> WHAT IS NEEDED
Each line below from the "Las hojas basales" line through the "Zelfportret - Vrijdag" line, those two included, must be restated word for word; the pictures must not be.

> AVAILABLE RECORDS
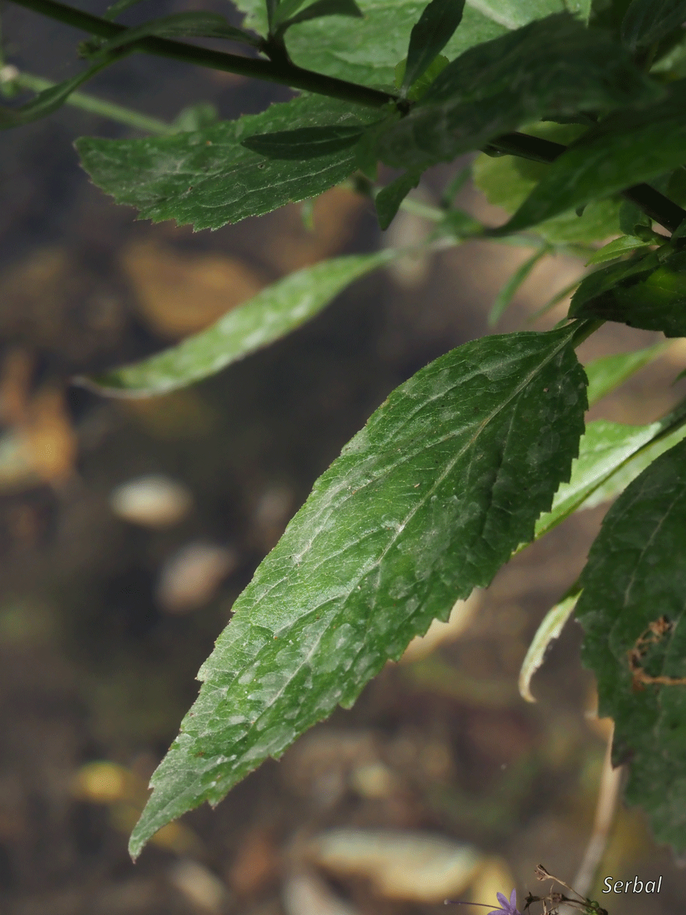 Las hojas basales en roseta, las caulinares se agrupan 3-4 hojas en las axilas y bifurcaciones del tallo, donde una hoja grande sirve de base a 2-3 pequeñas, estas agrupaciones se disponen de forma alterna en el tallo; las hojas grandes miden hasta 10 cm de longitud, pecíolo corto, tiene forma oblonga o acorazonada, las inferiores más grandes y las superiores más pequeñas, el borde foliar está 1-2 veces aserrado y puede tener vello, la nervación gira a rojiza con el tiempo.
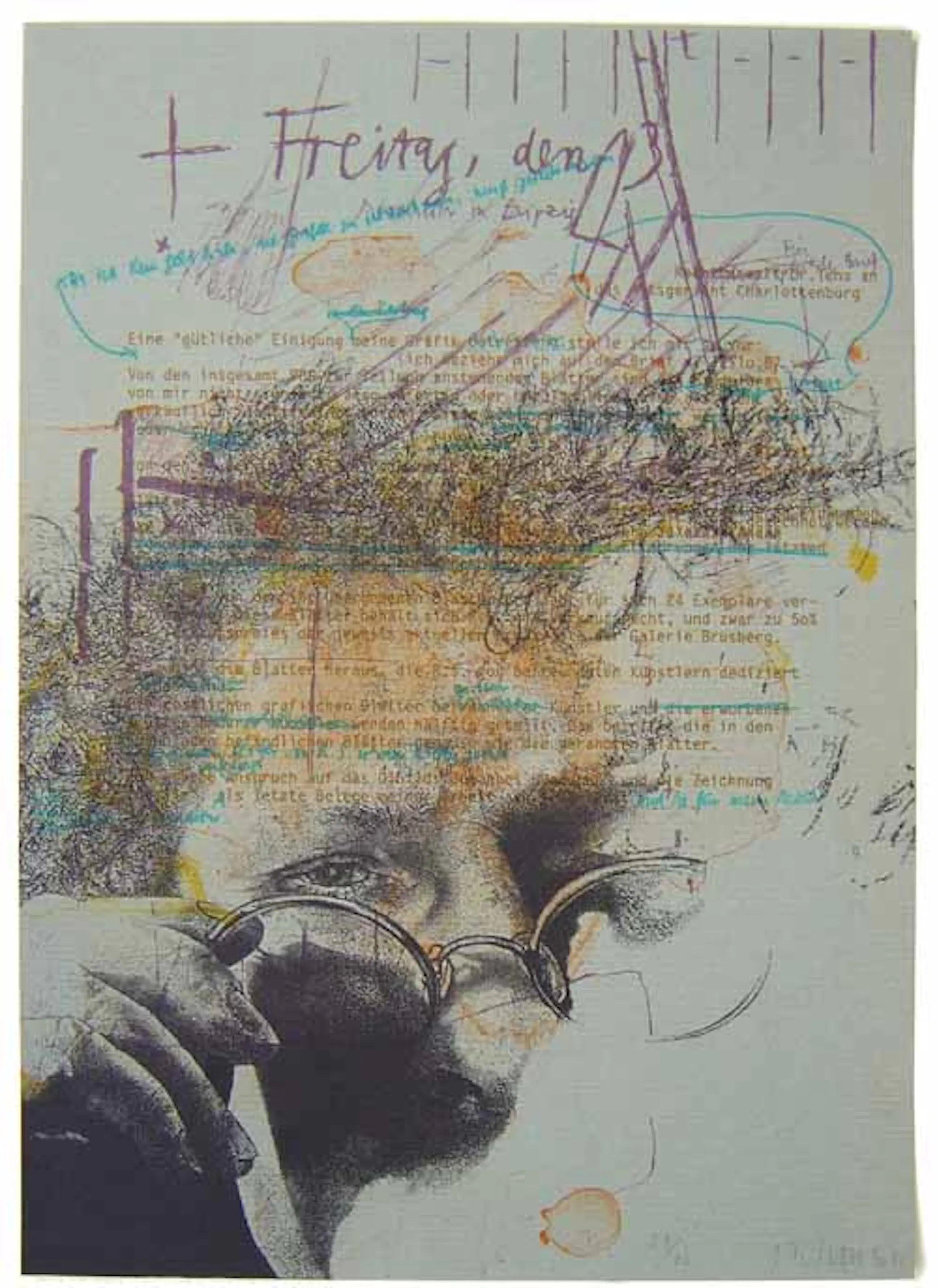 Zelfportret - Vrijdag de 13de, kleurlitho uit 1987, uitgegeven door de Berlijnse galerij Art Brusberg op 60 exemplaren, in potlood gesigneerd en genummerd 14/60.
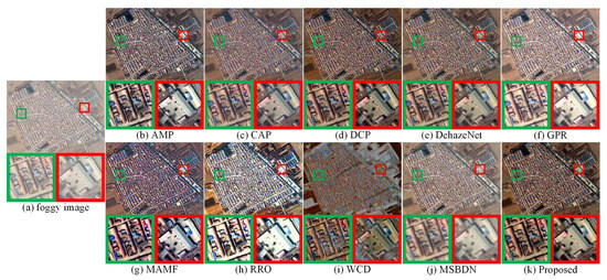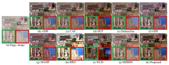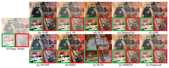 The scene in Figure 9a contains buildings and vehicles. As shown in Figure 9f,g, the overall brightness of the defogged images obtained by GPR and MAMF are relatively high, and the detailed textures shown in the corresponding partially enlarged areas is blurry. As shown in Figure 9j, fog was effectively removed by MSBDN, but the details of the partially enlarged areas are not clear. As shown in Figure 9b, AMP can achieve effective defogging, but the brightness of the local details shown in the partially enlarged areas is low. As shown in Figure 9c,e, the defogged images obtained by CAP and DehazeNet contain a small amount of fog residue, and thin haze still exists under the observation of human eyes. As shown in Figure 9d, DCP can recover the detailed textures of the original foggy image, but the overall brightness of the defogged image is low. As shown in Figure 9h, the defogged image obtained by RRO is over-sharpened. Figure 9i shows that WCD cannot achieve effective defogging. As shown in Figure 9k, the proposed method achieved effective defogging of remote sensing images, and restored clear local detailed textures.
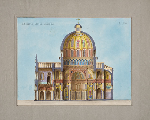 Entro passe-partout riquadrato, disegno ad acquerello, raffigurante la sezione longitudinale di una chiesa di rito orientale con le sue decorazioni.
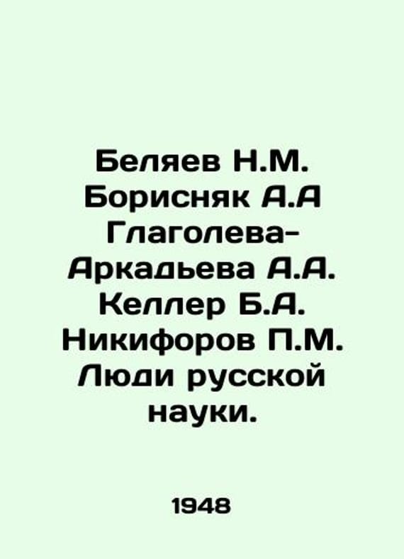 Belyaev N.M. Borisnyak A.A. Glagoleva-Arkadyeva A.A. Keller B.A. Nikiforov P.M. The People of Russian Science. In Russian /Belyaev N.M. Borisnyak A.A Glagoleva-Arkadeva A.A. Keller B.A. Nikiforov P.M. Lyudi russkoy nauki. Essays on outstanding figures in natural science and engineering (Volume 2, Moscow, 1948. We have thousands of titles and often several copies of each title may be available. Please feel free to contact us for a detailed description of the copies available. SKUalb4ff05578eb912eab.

...

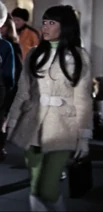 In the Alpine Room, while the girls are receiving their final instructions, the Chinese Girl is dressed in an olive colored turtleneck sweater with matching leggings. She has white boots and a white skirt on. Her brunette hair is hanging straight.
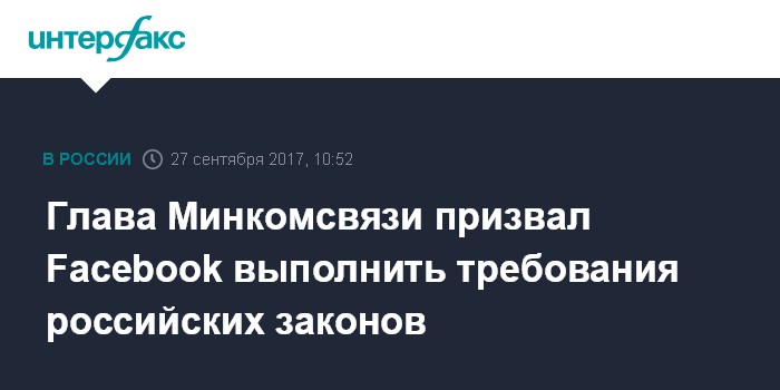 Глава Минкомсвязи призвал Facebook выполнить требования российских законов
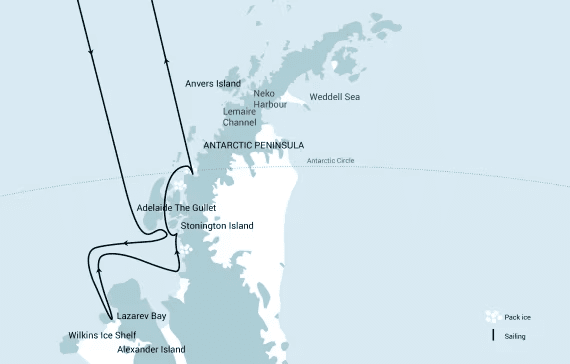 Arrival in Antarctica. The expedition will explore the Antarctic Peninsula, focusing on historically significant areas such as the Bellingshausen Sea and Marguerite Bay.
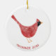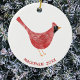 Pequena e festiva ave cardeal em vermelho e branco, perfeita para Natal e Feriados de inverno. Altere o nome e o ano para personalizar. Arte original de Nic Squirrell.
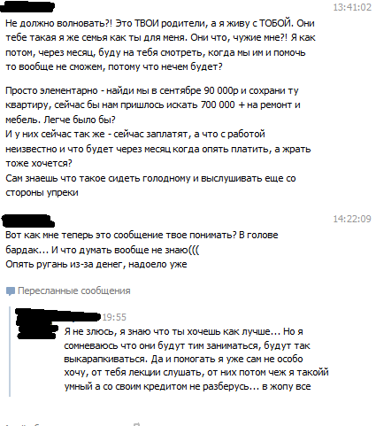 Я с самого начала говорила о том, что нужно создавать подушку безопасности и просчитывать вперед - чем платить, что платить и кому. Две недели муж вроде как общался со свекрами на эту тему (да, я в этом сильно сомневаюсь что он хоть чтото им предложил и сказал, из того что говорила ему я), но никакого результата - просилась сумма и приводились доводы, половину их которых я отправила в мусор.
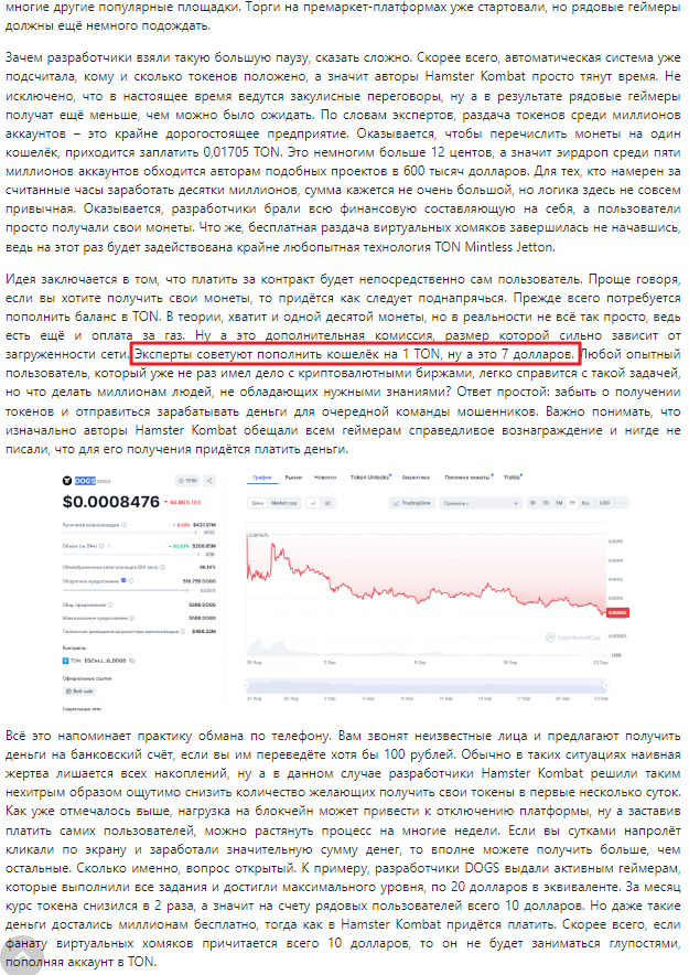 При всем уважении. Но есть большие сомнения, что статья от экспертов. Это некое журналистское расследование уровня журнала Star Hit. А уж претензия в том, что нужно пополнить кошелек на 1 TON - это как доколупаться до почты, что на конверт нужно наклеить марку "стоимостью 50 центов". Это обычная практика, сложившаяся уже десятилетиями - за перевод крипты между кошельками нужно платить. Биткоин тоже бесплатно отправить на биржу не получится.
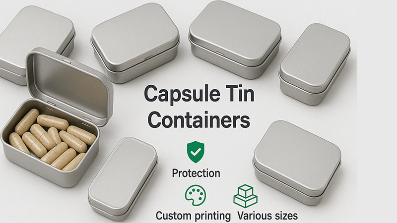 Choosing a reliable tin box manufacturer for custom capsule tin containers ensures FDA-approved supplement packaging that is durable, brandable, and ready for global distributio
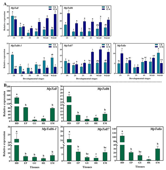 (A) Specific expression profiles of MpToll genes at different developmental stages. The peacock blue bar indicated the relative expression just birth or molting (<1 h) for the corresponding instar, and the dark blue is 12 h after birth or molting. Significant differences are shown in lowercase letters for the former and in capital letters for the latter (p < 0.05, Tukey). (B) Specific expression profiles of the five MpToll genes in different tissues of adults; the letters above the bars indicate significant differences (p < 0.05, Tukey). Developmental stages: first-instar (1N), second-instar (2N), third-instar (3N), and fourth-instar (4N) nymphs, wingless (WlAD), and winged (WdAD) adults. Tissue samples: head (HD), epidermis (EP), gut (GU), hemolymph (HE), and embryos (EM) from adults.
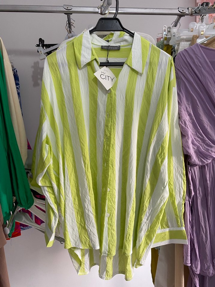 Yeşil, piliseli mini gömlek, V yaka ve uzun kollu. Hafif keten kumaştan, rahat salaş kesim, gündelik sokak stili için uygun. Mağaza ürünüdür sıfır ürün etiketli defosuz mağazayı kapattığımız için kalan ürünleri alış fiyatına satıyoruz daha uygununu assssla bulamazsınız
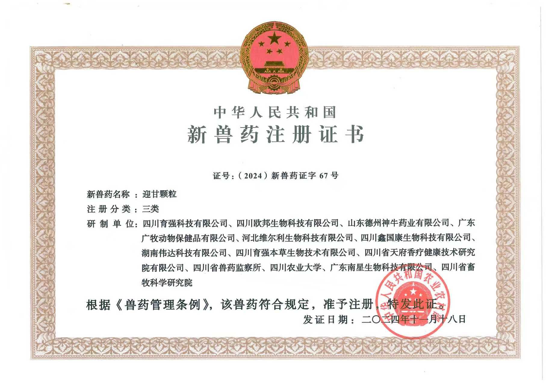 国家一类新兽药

* * *

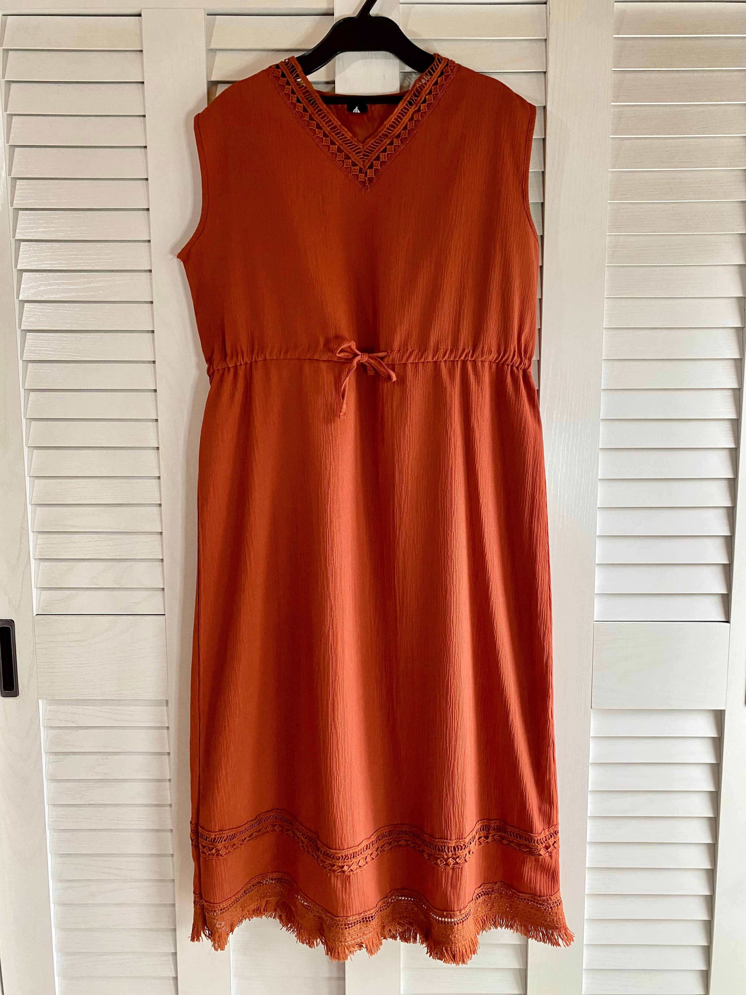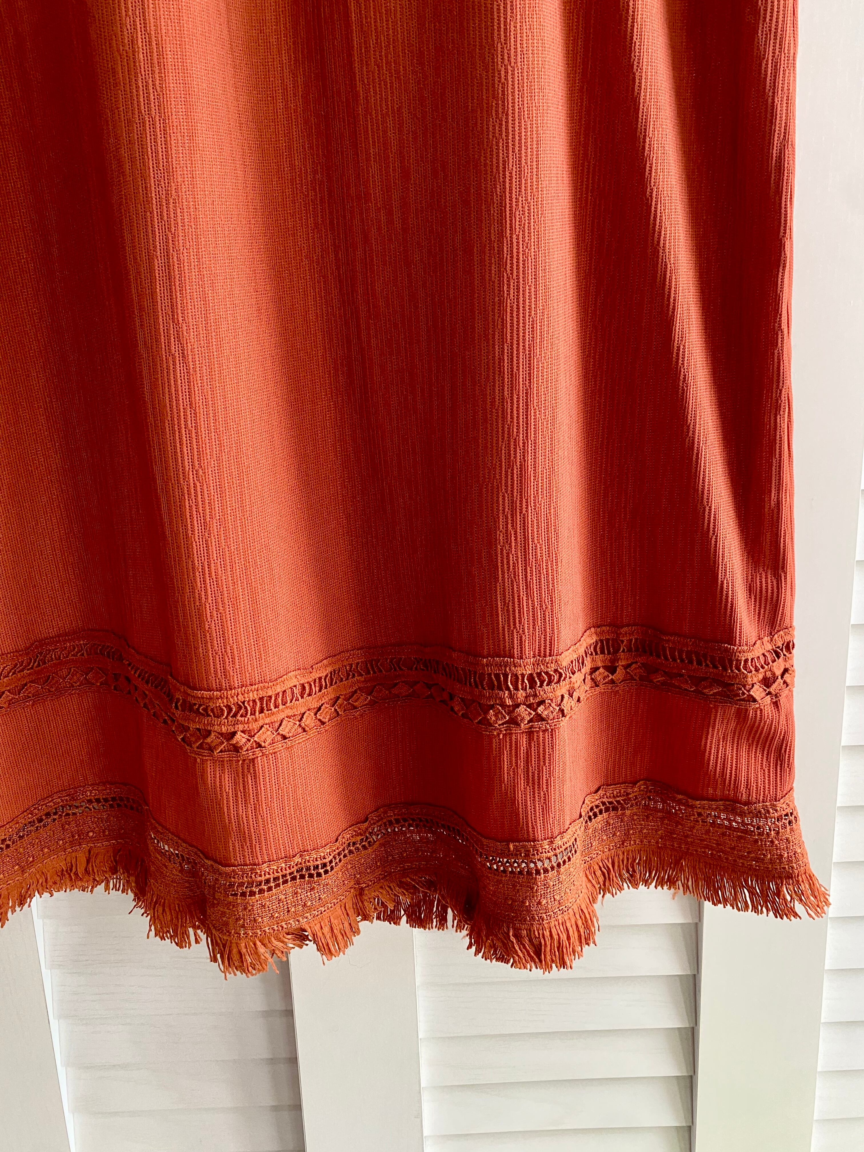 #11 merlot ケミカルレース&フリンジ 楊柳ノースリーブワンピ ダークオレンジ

> RESPONSE TO THE TASK
 Las hojas basales en roseta, las caulinares se agrupan 3-4 hojas en las axilas y bifurcaciones del tallo, donde una hoja grande sirve de base a 2-3 pequeñas, estas agrupaciones se disponen de forma alterna en el tallo; las hojas grandes miden hasta 10 cm de longitud, pecíolo corto, tiene forma oblonga o acorazonada, las inferiores más grandes y las superiores más pequeñas, el borde foliar está 1-2 veces aserrado y puede tener vello, la nervación gira a rojiza con el tiempo.
 Zelfportret - Vrijdag de 13de, kleurlitho uit 1987, uitgegeven door de Berlijnse galerij Art Brusberg op 60 exemplaren, in potlood gesigneerd en genummerd 14/60.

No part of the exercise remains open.